The appearance of elaborate structures allowing cells to adhere to each other and compose tissues and organs enabled the emergence of animal multicellularity. The adherens junction (AJ) is a major cell-cell adhesion protein complex present throughout animals and is required for body morphogenesis, tissue formation and maintenance, and cellular signaling (Harris and Tepass, 2010; Takeichi, 2014; Kourtidis et al., 2017a; Daulagala et al., 2019). The core component of the AJ is a classical cadherin protein family member, such as E-cadherin, which associates intracellularly with p120 catenin (p120), β-catenin, and α-catenin (Harris and Tepass, 2010; Kourtidis et al., 2013; Takeichi, 2014). Evolutionarily, cadherin-like molecules first appeared in choanoflagellates, the closest living relatives of multicellular animals (Brunet and King, 2017). However, classical cadherins with cell-cell adhesion properties and catenin-binding domains that form AJs, appeared later in animal evolution, in Placozoans and Cnidarians. Classical cadherins have diversified from one or two members in invertebrates into a large protein family that includes 32 members in vertebrates (Oda and Takeichi, 2011; Oda, 2012; Gul et al., 2017). α- and β-catenin homologs have also been identified in non-metazoans, such as Dictyostelium discoideum, and are present in all metazoans, either as a single member in invertebrates, or as two to three members in vertebrates (Hulpiau et al., 2013; Gul et al., 2017). Similarly, p120 has evolved from a single protein in invertebrates (δ-catenin) to seven proteins in vertebrates (Anastasiadis and Reynolds, 2000; Ireton et al., 2002; Fang et al., 2004; Carnahan et al., 2010). Collectively, these findings underscore the increased complexity of the AJs in vertebrates.

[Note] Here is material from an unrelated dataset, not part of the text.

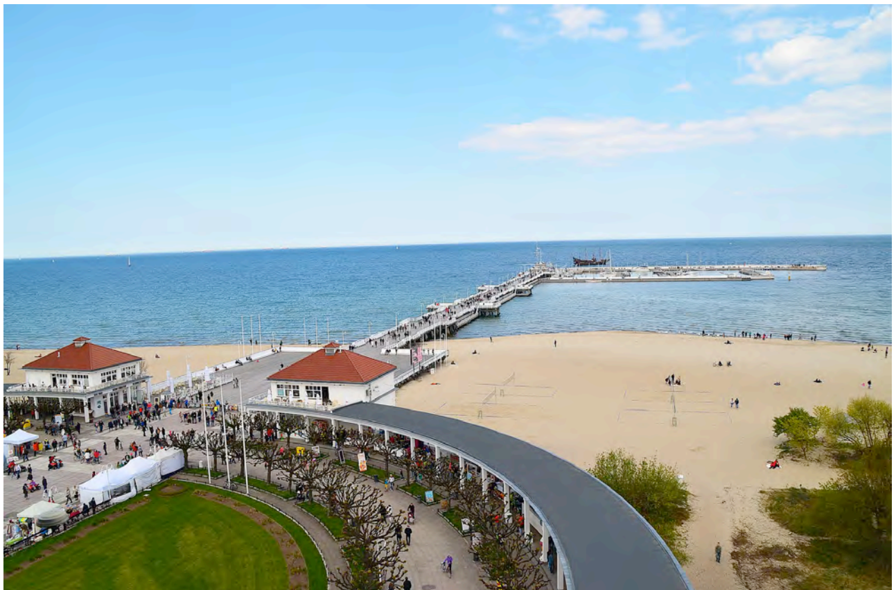
Sopot et sa célèbre jetée sur la Baltique

Nuit à l'hôtel 4* Golden Tulip Residence .

In addition to the essential cadherin-catenin composition, numerous other proteins participate in AJ formation, playing critical roles in their structure and function. An AJ protein that has gained attention in recent years is PLEKHA7 (pleckstrin homology domain containing, family A, member 7). PLEKHA7 was originally identified as an E-cadherin–p120 binding partner, specific to the apical AJs in mature epithelial tissues and monolayers, tethering the minus ends of the microtubules to the AJs (Meng et al., 2008; Pulimeno et al., 2010; Pulimeno et al., 2011). Since then, multiple additional roles have been attributed to PLEKHA7, including cell-cell junction stabilization through interactions with junctional and cytoskeletal components (Kurita et al., 2013; Paschoud et al., 2014; Guerrera et al., 2016; Kourtidis and Anastasiadis, 2016; Lee et al., 2017); recruitment and regulation of the RNA interference (RNAi) machinery at AJs (Kourtidis et al., 2015; Kourtidis et al., 2017b; Nair-Menon et al., 2020); regulation of hypertension (Endres et al., 2014); function as a tumor suppressor (Kourtidis et al., 2015; Tille et al., 2015; Rea et al., 2018; Nair-Menon et al., 2020; Pence et al., 2021); regulation of responses to bacterial toxins (Popov et al., 2015; Shah et al., 2018), and involvement in neocortex development (Tavano et al., 2018). Although these studies exemplify the importance of PLEKHA7 in human health and disease, little is known regarding the roles of PLEKHA7 in non-mammalian species. The only exception is the zebrafish PLEKHA7 homolog, Hadp1, which has been implicated in cardiac contractility during embryogenesis (Wythe et al., 2011).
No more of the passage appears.